As an example of one of the studies of artichoke extract:
A double-blind, placebo-controlled German study found that 1,800 mg of artichoke extract per day for six weeks significantly lowered total cholesterol by 18.5% compared to 8.6% in the placebo group and lowered LDL cholesterol by 22.9% compared with 6% in the placebo group. The ratio of LDL to HDL decreased by 20% in the artichoke group compared with 7% in the placebo group. There were no adverse effects associated with artichoke use.
We believe that even though many “safer alternatives” exist to statins for lowering LDL and total cholesterol and boosting HDL cholesterol, it’s important to get periodic blood tests to verify what is happening inside your body. You need the tests to verify the effect, adjust dosages, and detect any unusual and potentially harmful side effects before they cause significant damage. Fortunately, lipid profiles and common metabolic tests to look for kidney and liver problems are relatively inexpensive.
In the future, some patients with unhealthy cholesterol profiles may use synthetic HDL and gene therapy based upon the population of a town in Northern Italy that has very low HDL blood levels yet little to no cardiovascular disease due to an unusual form of HDL containing a protein known as Apoliprotein-I Milano. See the article Synthetic HDL Cholesterol Reduces Artery Clogging In 6 Weeks for more information. FDA Phase III clinical trials are expected to begin soon, so a medication based upon this form of HDL may be available in a few years. Gene therapy to modify human genes to produce this form of HDL are even further away, but look even more promising. Mouse experiments have found that the ApoA-I Milano gene causes a 65% reduction in vascular plaque buildup.
Before resorting to statins to lower cholesterol, try some of the available dietary supplements, diet, and exercise changes. There are a lot of options to try, so you may wonder what is most likely to work and what is most affordable.

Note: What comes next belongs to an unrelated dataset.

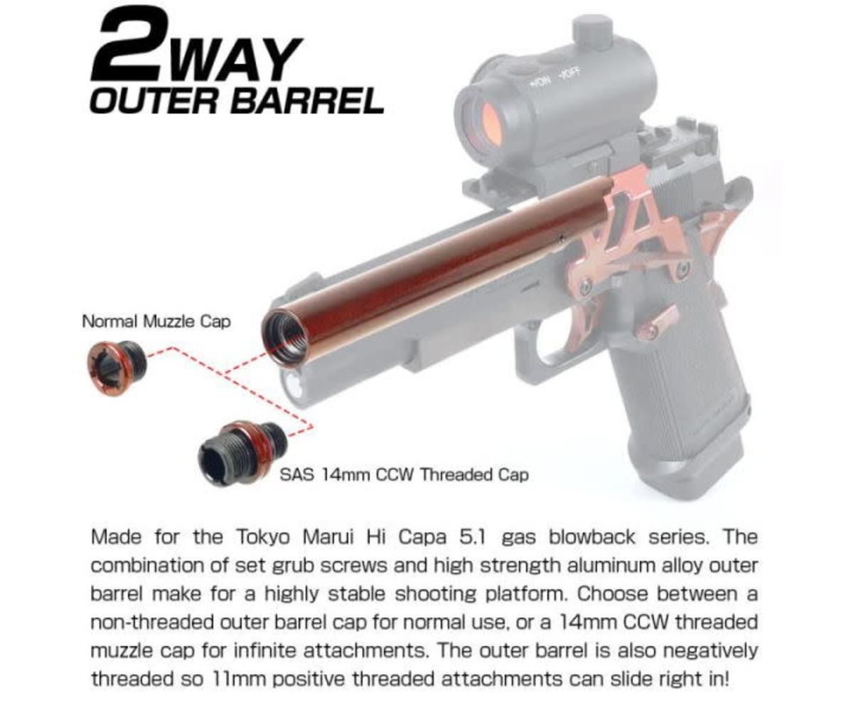 - Includes: Metal Outer Barrel ×1, Normal Muzzle Cap ×1, SAS 14mm CCW Threaded Cap ×1, Hex Grub Screws ×2

In particular, we think that omega-3 fish oils, green tea extract, niacin, and additional soluble dietary fiber are all inexpensive dietary supplements that are likely to have a significant positive effect. Other alternatives exist, however some of them (such as guggulsterones and artichoke extract) are more expensive and don’t have as much research backing them up.

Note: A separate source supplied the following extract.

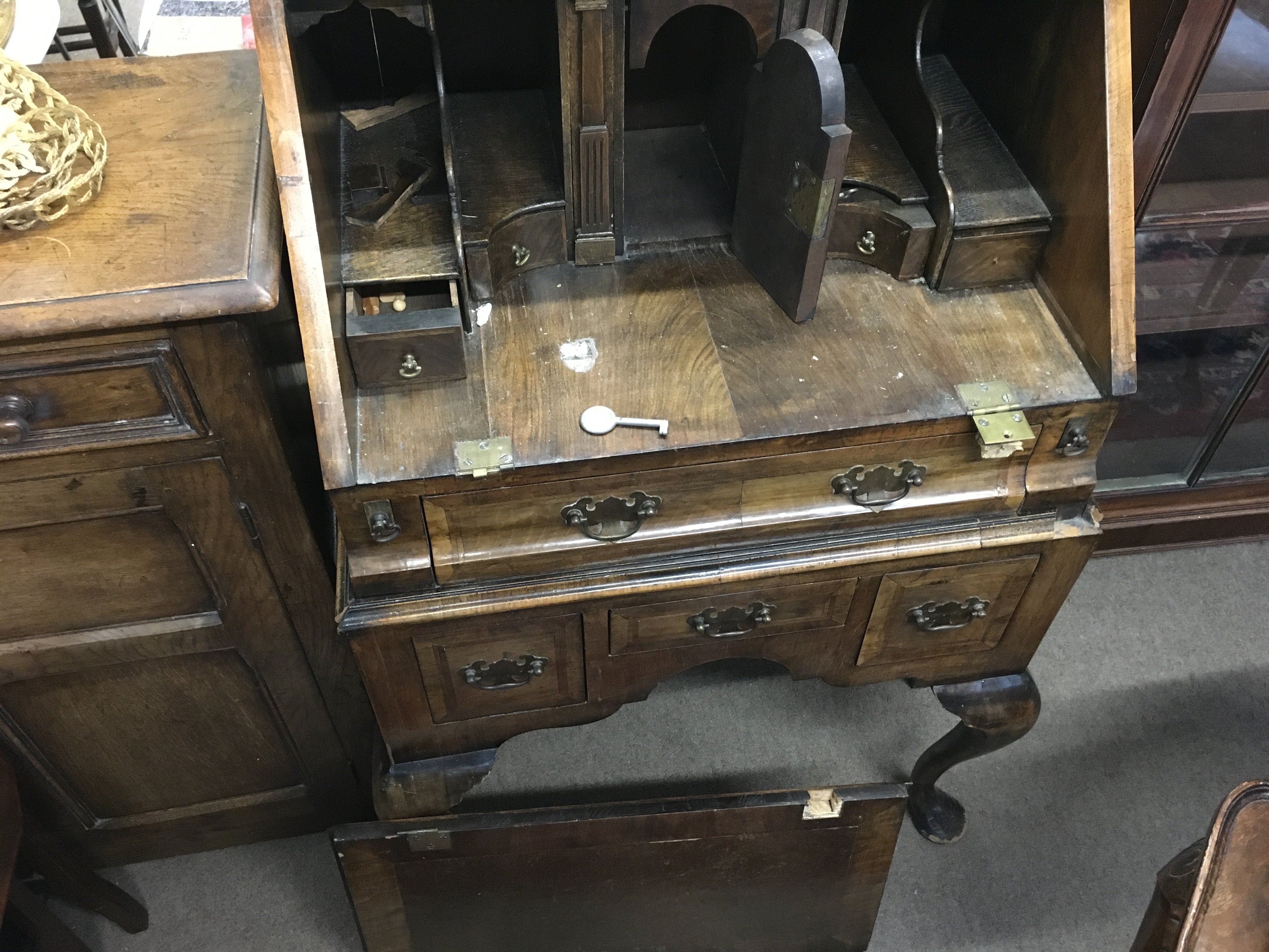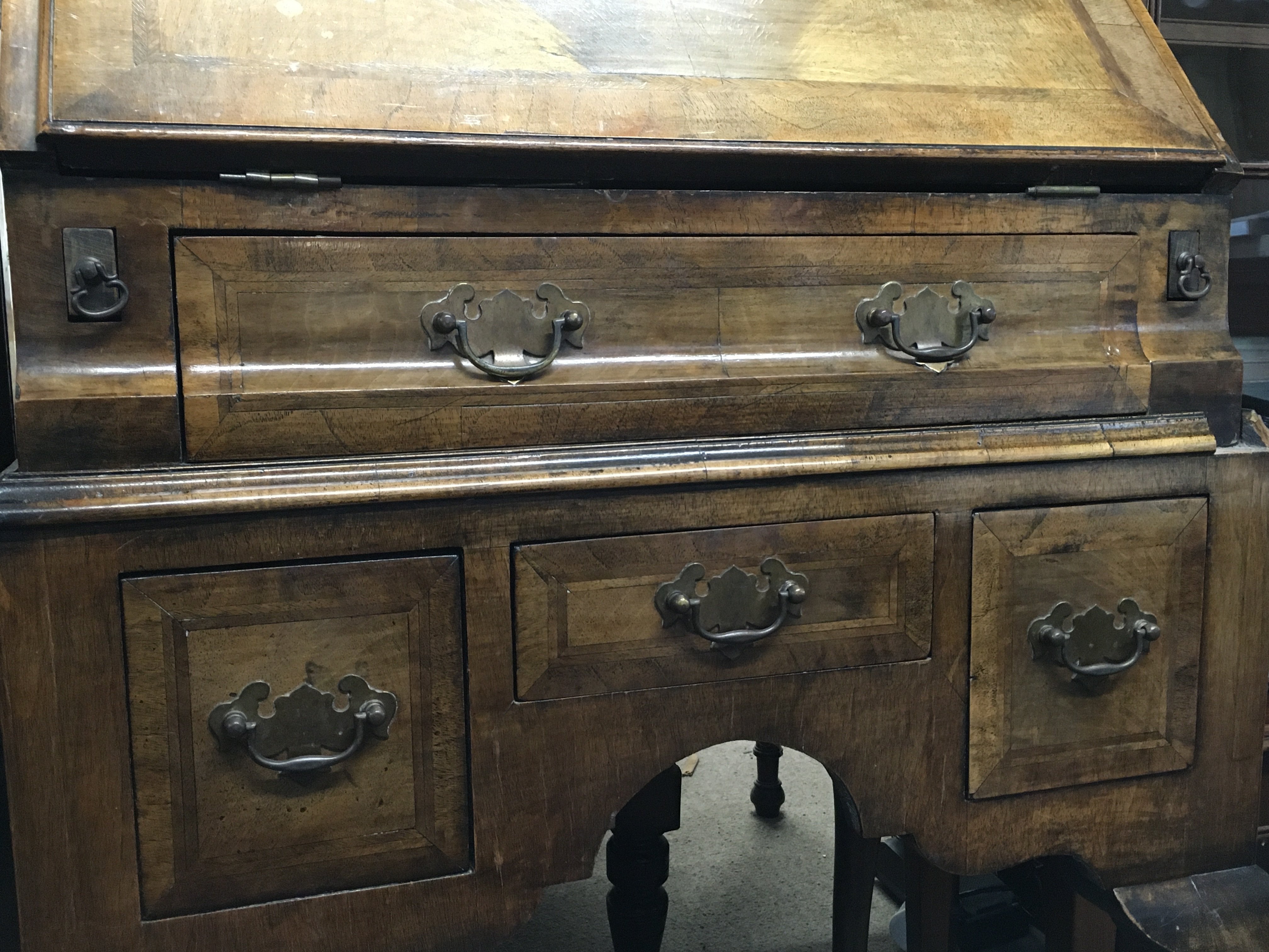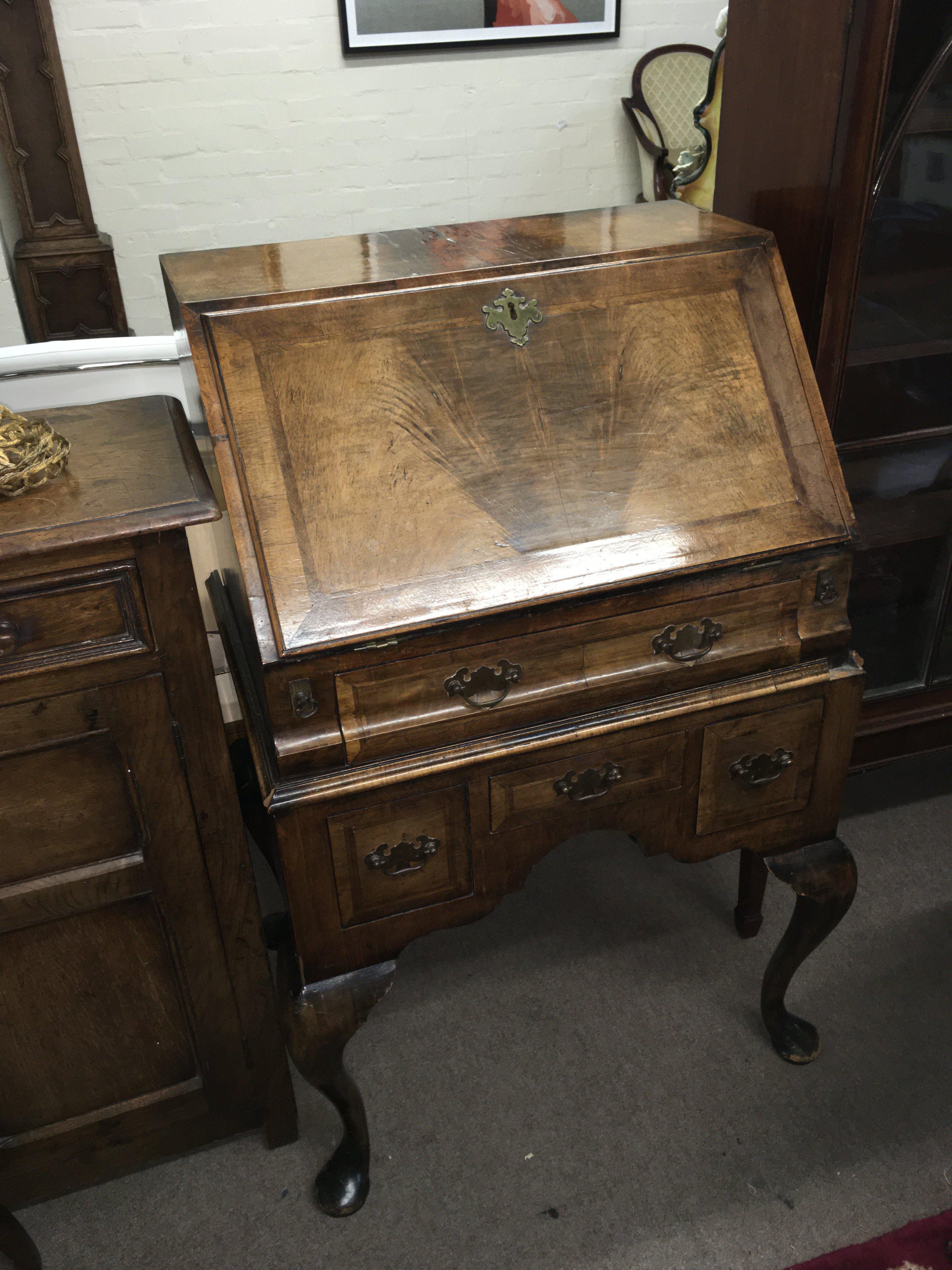 A walnut bureau , dimensions 60cm wide 100cm tall 45cm deep

Cooking with extra-virgin olive oil can help at an affordable cost. Substituting more nuts such as almonds and walnuts for cheeses and other high-saturated-fat ingredients is also helpful. Using beans as a protein source rather than meat is also likely to be helpful due to their high-protein, low-carbohydrate, high-fiber combination and may even help reduce your food expenses.
If you must use statins, try to use the lowest possible dosage by combining them with alternative therapies per your doctor’s advice. Also be sure to supplement your diet with CoQ10 and/or idebenone to keep your mitochondria working properly and reduce the risks of many of statin side effects and to get retested for blood lipids periodically to ensure that your total cholesterol levels do not drop too low.
These statements have not been evaluated by the Food and Drug Administration. The products mentioned in this post are not intended to diagnose, treat, cure or prevent any disease.